Giant Pandas At Edinburgh Zoo To Get £70,000 Bamboo Takeaway From Holland

£70,000 Dutch Bamboo Takeaway For Peckish Edinburgh Pandas

Edinburgh Zoo is preparing to dig deep in its pockets for £70,000 a year to import organic bamboo shoots for two pandas, Tian Tian and Yang Guang, arriving from China.

15 tonnes of bamboo from the Netherlands will be imported to feed the pair of peckish pandas that will already cost the zoo £1m a year to look after.

Will Travers, the chief executive of the Born Free Foundation, described the plans as "madness". He told The Independent:

"Panda conservation should take place in China, where both giant pandas and bamboo occur naturally. If Edinburgh has panda cash to spare, that is where it should be invested."

A 10-year breeding programme is supposed to be taking place but the sustainability of it, given the 1,200 round trip required for the bamboo, is being questioned.

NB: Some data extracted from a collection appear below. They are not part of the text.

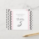 Elegant and modern light pastel blush pink, dark charcoal grey and white wedding table number cards with fun retro chevron zigzags stripes pattern. Customise these cards to create custom table number cards for each table at your wedding. Add your names and wedding date. Pattern available in a wide range of matching wedding products.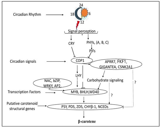 Carotenoids are indisputably one of the vital plant pigments that contribute to human nutrition and health by providing dietary provitamin A. Vitamin A improves vision and provides an antioxidant effect against cardiovascular and cancer disorders [,]. Previous studies have described carotenoid biosynthesis and regulation as well as its stimulation by environmental factors such as light, temperature, drought, salt stress, hormones, photoperiods, developmental cues, and post-transcriptional feedback regulations in plants [,,]. Plants have developed mechanisms to perceive light signals, such as light intensity, variable wavelengths, direction, and the circadian clock. The effect of photomorphogenic genes on carotenoid biosynthesis involves complex interactions [,]. In a nutshell, a circadian rhythm consists of interlocking transcription or translation loops that regulate photomorphogenic genes comprising phytochromes (PHY) and phytochrome-interacting factors (PIF), cryptochromes (CRY), phototropin, and UVR8 signals. Plant photoreceptors receive circadian signals during plant etiolation and subsequently construct a passage of intracellular second messenger processes by inducing signals to control carotenoid biosynthesis [].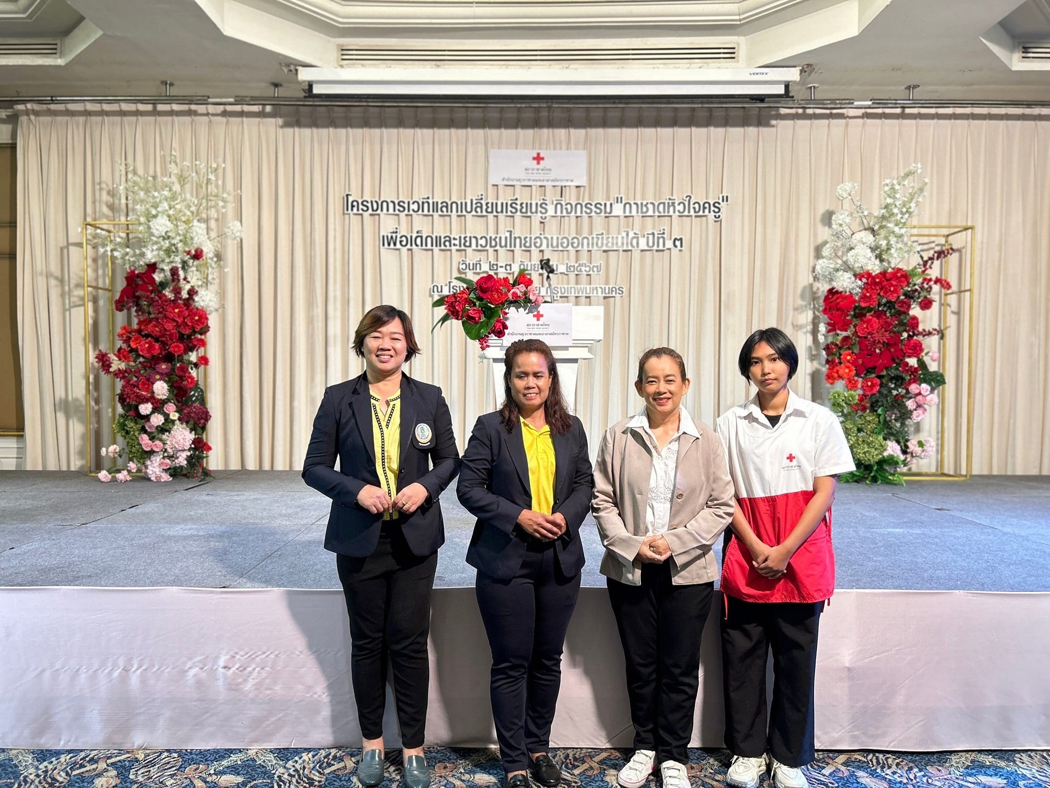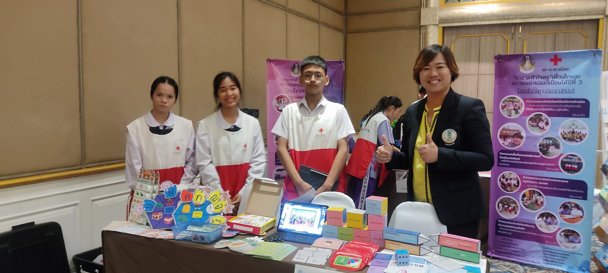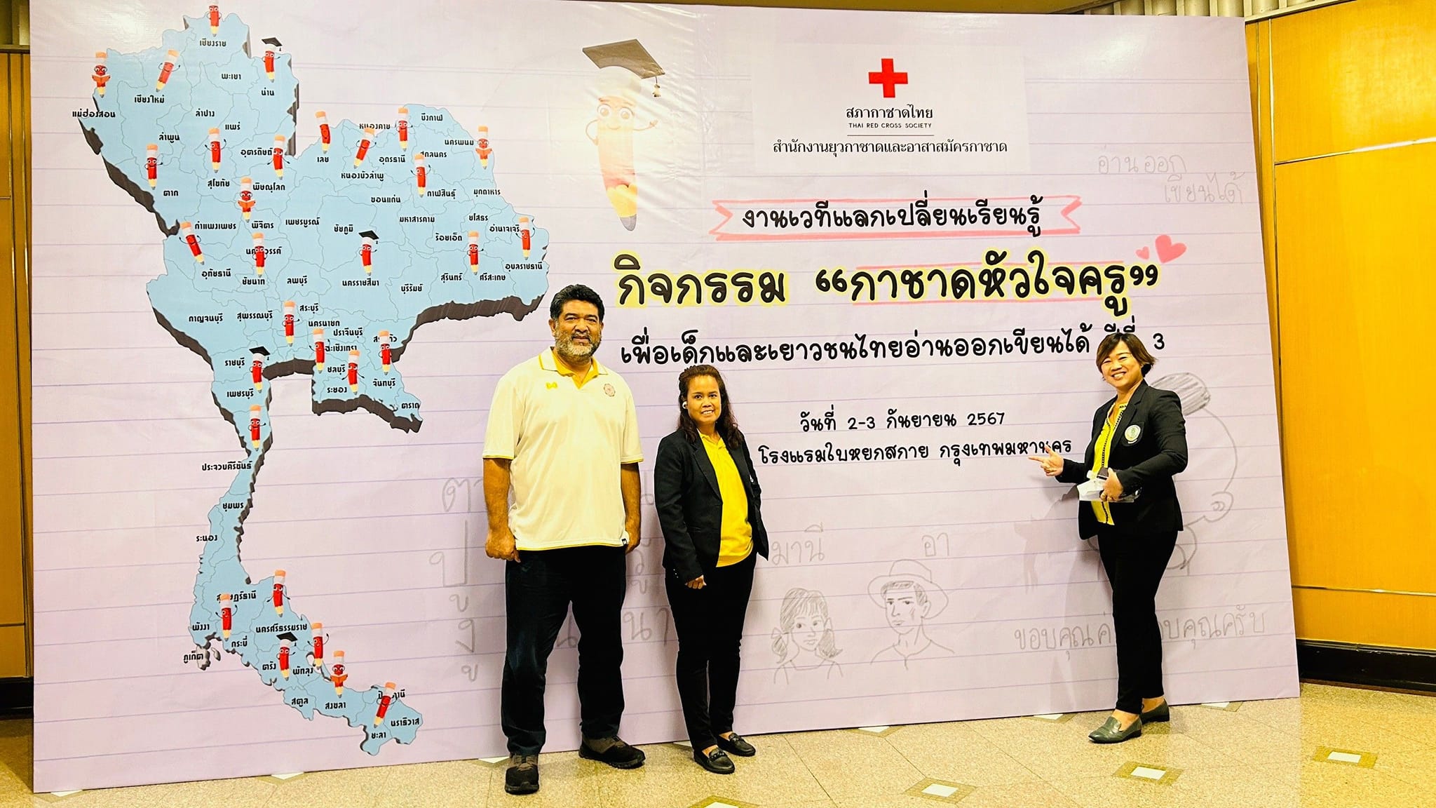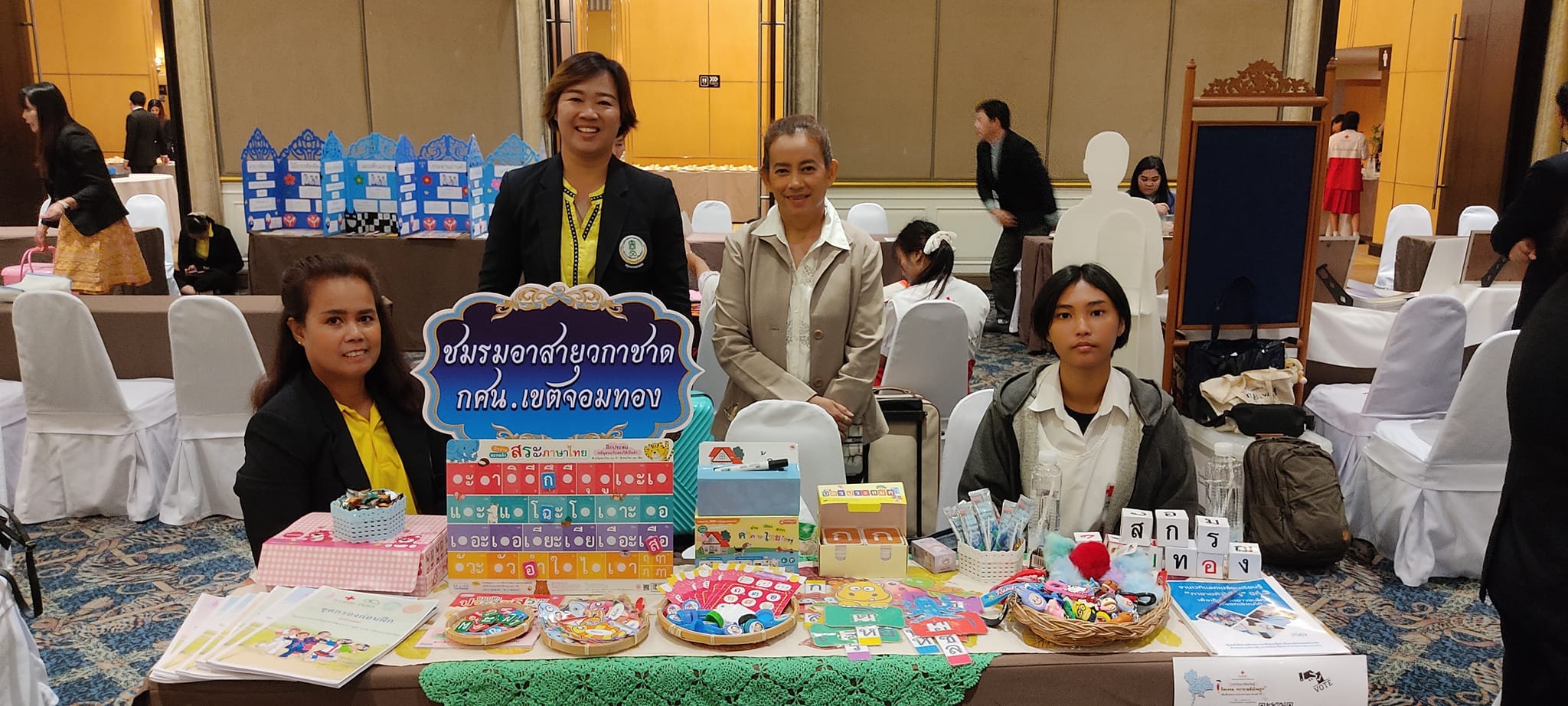 นางชงโค สุรเวทวงศ์ภาส ผู้อำนวยการศูนย์ส่งเสริมการเรียนรู้ระดับเขตจอมทอง มอบหมายให้นางสาวอิงอร เอกนิล นางสาวบัณพร บุญมี นางศิริพร วงษ์บุญส่ง ครู กศน.ตำบล และ นางสาวฉัตรชดา จันทร์ลิลา นักศึกษา สกร.ระดับ เขตจอมทอง เข้าร่วมกิจกรรม “กาชาดหัวใจครู ” เพื่อเด็กและเยาวชนไทยอ่านออกเขียนได้ ปีที่ 3 ณ โรงแรมใบหยกสกาย กรุงเทพมหานคร

The bamboo will be making its way from Amsterdam to Rotterdam, from where it will be ferried to Harwich, before being driven to Edinburgh every fortnight. It will be then be kept in a specially created storage facility for maximum freshness.

British-grown bamboo could not be relied on, the zoo said, as it is the only the food the endangered species will eat. It did add that it hoped to use more British-grown bamboo in three years' time.

The zoo is hoping that the arrival of Tian Tian and Yang Guang from their home in the Ya'an reserve in Sichuan will be a big visitor draw. The zoo is even recruiting a special new "Giant Panda Team" of around a dozen people to handle the visitors.

The loaned pandas are arriving in Edinburgh in time for Christmas, making them the first pandas to live in Britain for 17 years.